Because the config-write rate is high, and there may be some time delay between config being written and a service reacting to it, correlating any of these stages to a given change is quite difficult. There may be hundreds of candidate configurations for each stage. Luckily, each config mutation is tested independently. This means that the number of configs that progress through the same regional sequence as our bad config is usually small. 

Venn is an internal tool built to crawl through configuration test logging and identify configs that underwent a particular testing sequence. This reduces the search space from hundreds of changes to a much smaller number (with one rollout step, there are typically ten to 20 configs. With two steps, there are typically one to five configs). Venn accepts an input of a list of region and time pairs and optionally a final timestamp when the engineer expects a configuration landed. The tool builds sets of configs for each timestamp: Each set consists of the configs that were canaried (or landed) in the given region at that time.
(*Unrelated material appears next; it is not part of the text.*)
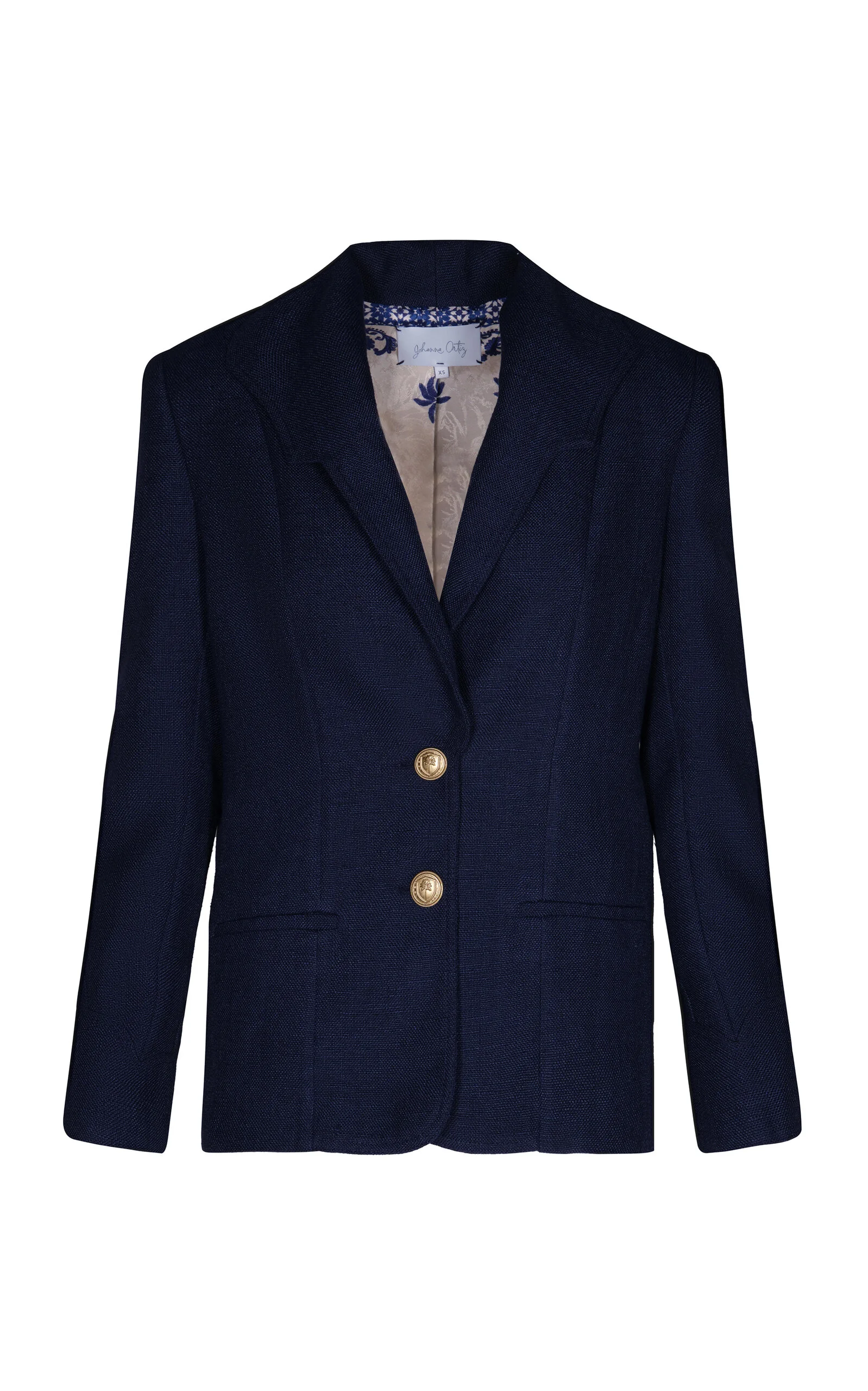 PRODUCT DETAILS - Long sleeve, button front, relaxed fit - Slip on - Unlined - Composition: 100% Linen - Color: navy - Dry clean only - Spring/Summer '25

It then intersects the sets to find only the configs that underwent this exact sequence. This reduced list of configs is much easier for an engineer to skim to find the bad change.

Figure 3. An example of a real-world misconfiguration that we tracked down with Venn

Figure 4. Using Venn to quickly filter through the hundreds of possible changes to only four that match the given rollout fingerprint. Four changes is much easier for an engineer to pattern-match based on other information they have (such as the affected surface or misbehavior induced by the change.)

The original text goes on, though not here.